Dataset section below:

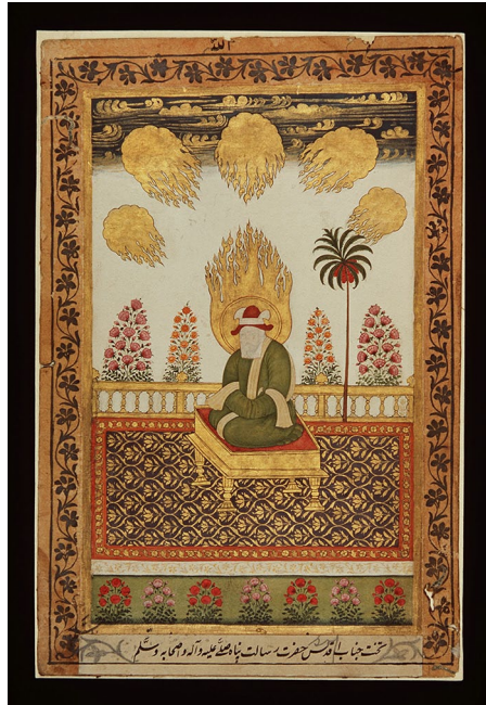
Figure 1. Miniature painting depicting the Prophet Muhammad enthroned, c. 1800, Kashmir, India. Reproduced courtesy of The Netherlands National Museum of World Cultures, RV-2871-4.

In 2015, months after the attacks on the satirical magazine Charlie Hebdo , I was asked to translate the Persian text at the bottom of the image, which until then had been described as ‘probably a prophet’, made in India circa 1800, while the inventory card suggested it is ‘the Prophet.’ 9 Indeed, the calligrapher’s text clarified that it was not just any prophet or sage depicted on a throne, as a learned man would be in the Mughal Empire. It was Muḥammad, reading in Persian ‘The Throne of His Excellency, His Highness the Protector of the Prophecy’, followed by an Arabic salutation that doubly confirms the Prophet’s identity, ‘may Allāh grant honor and peace on him, his family, and companions.’ 10 The Prophet is also recognizable by his flaming halo, veiled face and the date tree in the back, one of Muḥammad’s attributes. Above him float another five flaming halos, possibly a Shi’ite reference to the Ahl al-Bayt or people of the house, the family composed of the Prophet, ‘Ali, Fāṭimah, and their sons Ḥusayn and Ḥasan.
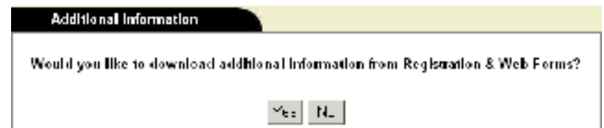
Figure 3: Select Yes to Include Custom Forms in Download Template

End of Dataset section.

▶ [Problem requirements] An answer is complete only when it holds every line above containing the string "Figure".

▶ [Finished task]
Figure 1. Miniature painting depicting the Prophet Muhammad enthroned, c. 1800, Kashmir, India. Reproduced courtesy of The Netherlands National Museum of World Cultures, RV-2871-4.
Figure 3: Select Yes to Include Custom Forms in Download Template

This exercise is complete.